BACKGROUND OF THE INVENTION The present invention relates generally to the encoding and decoding of multimedia data, and more particularly the invention relates to rate-buffer management in a transcoder of encoded, precompressed video data.
A transcoder is a device that receives a bitstream that is pre-compressed and pre-encoded according to one of many digital transmission techniques, and outputs a compressed bitstream of a different transmission bit-rate. A simplified block diagram of a transcoder system 10 including a transcoder 12 is shown in Fig. 1. The transcoder 12 accepts a precompressed, encoded signal of video frames on an input from a transmission channel. The transmission channel may be a satellite transmission network, or cable transmission medium, for example. The input signal is decoded by a decoder 12 and re- encoded by an encoder 14, whereupon the re-encoded signal is output at a different, usually constant, bit-rate. Using well-known techniques of adjusting a quantization level of the re-encoded signal, careful management of encoder parameters can provide a high quality signal at a desired bit-rate that is tailored for a specific output transmission channel or application.
An MPEG-2 video transcoder is a specific example of a transcoder that may employ techniques of the present invention. MPEG-2 is a conventionally accepted standard for digitally coding moving pictures, such as a video signal, for compressed transmission. The MPEG-2 video transcoder converts a pre-encoded and compressed video bitstream according to MPEG-2 video compression standards into another MPEG-2 encoded, compressed video signal for transmission at a different bit-rate. An MPEG bitstream has six layers of syntax, at which certain coding parameters are specified. There are a sequence layer (random access unit, context), Group of Pictures (GOP) layer (random access unit, video coding), picture layer (primary
coding layer), slice layer (resynchronization unit), macroblock layer (motion compensation unit), and block layer (DCT unit).
The term "signal" is applied herein to mean any picture, frame, or block.
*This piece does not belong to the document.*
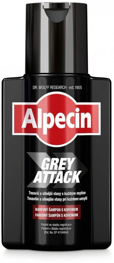 Ingredients: Aqua, Sodium Laureth Sulfate, Sodium Cocoamphoacetate, Cocamidopropyl Betaine, Panthenol, Caffeine, Sodium Chloride, Coco-Glucoside, Glyceryl Oleate, Phosphoric Acid, PEG-120 Methyl Glucose Dioleate, Menthol. 2, Polyquaternium-7, Dihydroxyindole, Citric Acid, Niacinamide, Zinc PCA, Sodium Sulfate, Phenoxyethanol, Sodium Benzoate, Parfém, Tetramethyl Acetyloctahydronaphthalenes, Linalyl Acetate, Limonene, Citrus Aurantium Peel. ALPECIN Grey Attack – tmavší a silnější vlasy s každým umytím. Revoluční šampon s repigmentační technologií a kofeinem účinně bojuje proti šedivění a vypadávání vlasů.

A block is an 8-row by 8-column matrix of pixels. A macroblock (MB) is four 8x8 blocks of luminance data and 2, 4 or 8 corresponding 8x8 blocks of chrominance data derived from a 16x16 section of the luminance component of the picture. A slice refers to a series of macroblocks. Blocks of source data may be encoded by frame, macroblock, or slice. The first bit-rate may be for high-capacity satellite transmission of a coded source video, and the second bit-rate may be downscaled for lower-capacity local cable transmission, ultimately to a set-top box decoder to an individual viewer. A Group of Pictures (GOP) is a set of frames which starts with an I-frame and includes a certain number of P and B frames. The number of frames in a GOP may be fixed. Data rate for a given bitstream is directly related to buffer size and the speed with which bits are placed into and emptied from the buffer. Every transcoder employs some type of video rate-buffer management technique for preventing buffer under- and or over-flows. In a decoder buffer under-flow situation, the decoder buffer is being emptied faster that it is being filled. Consequently, too may bits are being generated in the encoder, which will eventually overflow. To -prevent decoder underflow, video rate-buffer management may provide for an increased quantization level, adjust the bit allocation, discard high frequency DCT coefficients, or repeat pictures.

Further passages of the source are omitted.